I am not disputing that Laney was mentally ill. I worry, rather, that a belief that God can and does speak directly to his followers can serve to mask and hide symptoms of mental illness, because these symptoms appear, instead, normal. Ordinarily, if someone is hearing voices in their head, their friends encourage them to see someone and get help. People aren’t supposed to hear voices in their head. But when I met someone who was hearing voices in her head, as a young evangelical adult, I thought it was normal because that was the template my religion had provided me. So I did nothing, and it got worse.

Did something similar happen in Laney’s case? Some time before she killed her sons she told the congregation at the Assembly of God church she attended that God had revealed to her that the world was ending and that she needed to get her house in order. How did her church respond? The Assemblies of God is a Pentecostal denomination that believes in prophesy. I’ve been to charismatic services where individuals stand and make prophesies, and everyone believes them and affirms them. Did Laney’s congregation respond the same way?

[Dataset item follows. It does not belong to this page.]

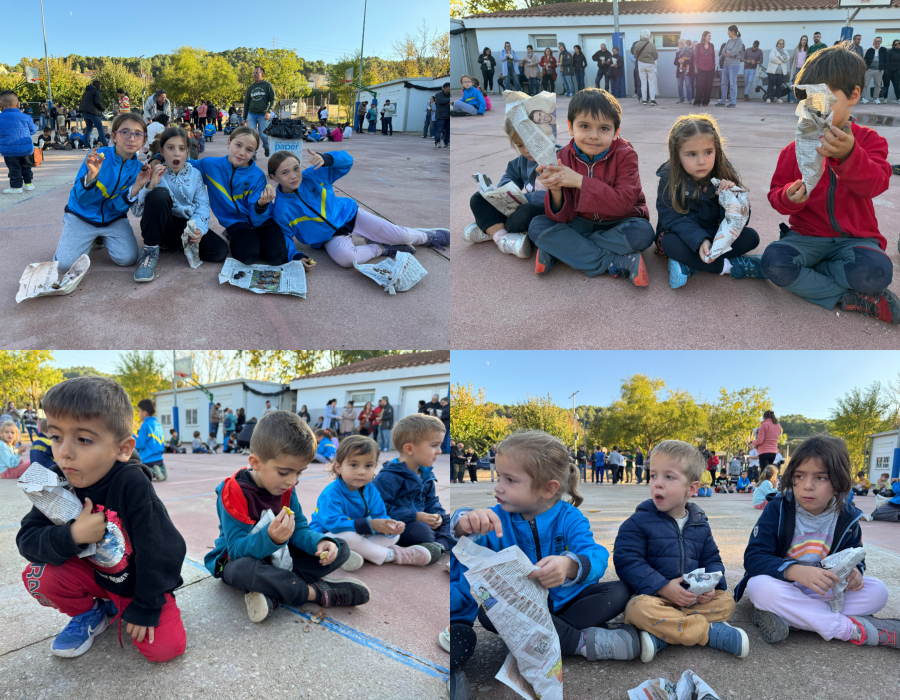 A la tarda, s’han realitzat jocs de cucanya 🪀🤸🏻♀️🤼, hem ballat 💃🏼🕺🏼 el ball de la castanyera 👵🏻 i hem menjat 😋 castanyes 🌰🌰 i panellets 🍪🍪 tots plegats. 👏🏻👏🏻👏🏻
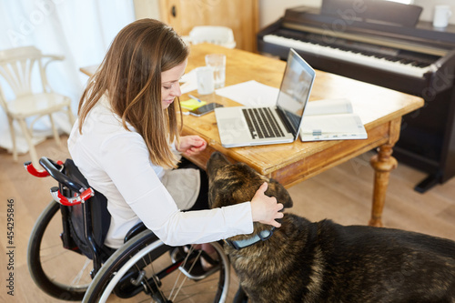 Frau im Rollstuhl am Computer krault ihren Assistenzhund

Perhaps even more than other Christian denominations, Assemblies of God churches emphasize the belief that individuals can hear directly from God. Indeed, when Karl Harris, the pastor of another Assemblies of God church, was interviewed in an article about the Laney case, he doubled down on his belief that God speaks directly to his followers, and that they can know his voice:

“In a way, [cases like these] can [give Christianity a bad name]. But the Bible also says (quoting Jesus Christ), ‘My sheep will hear my voice… and a stranger they will not hear… they will not listen to the voice of a stranger.’ And that tells us we can really know the voice of God,” Harris said.

How would attending a congregation like this—her life was said to center on her church—affect a woman like Deanna Laney? Greta may not have gotten the answer she wanted from Debi Pearl, but the rest of us certainly have a lot to think about.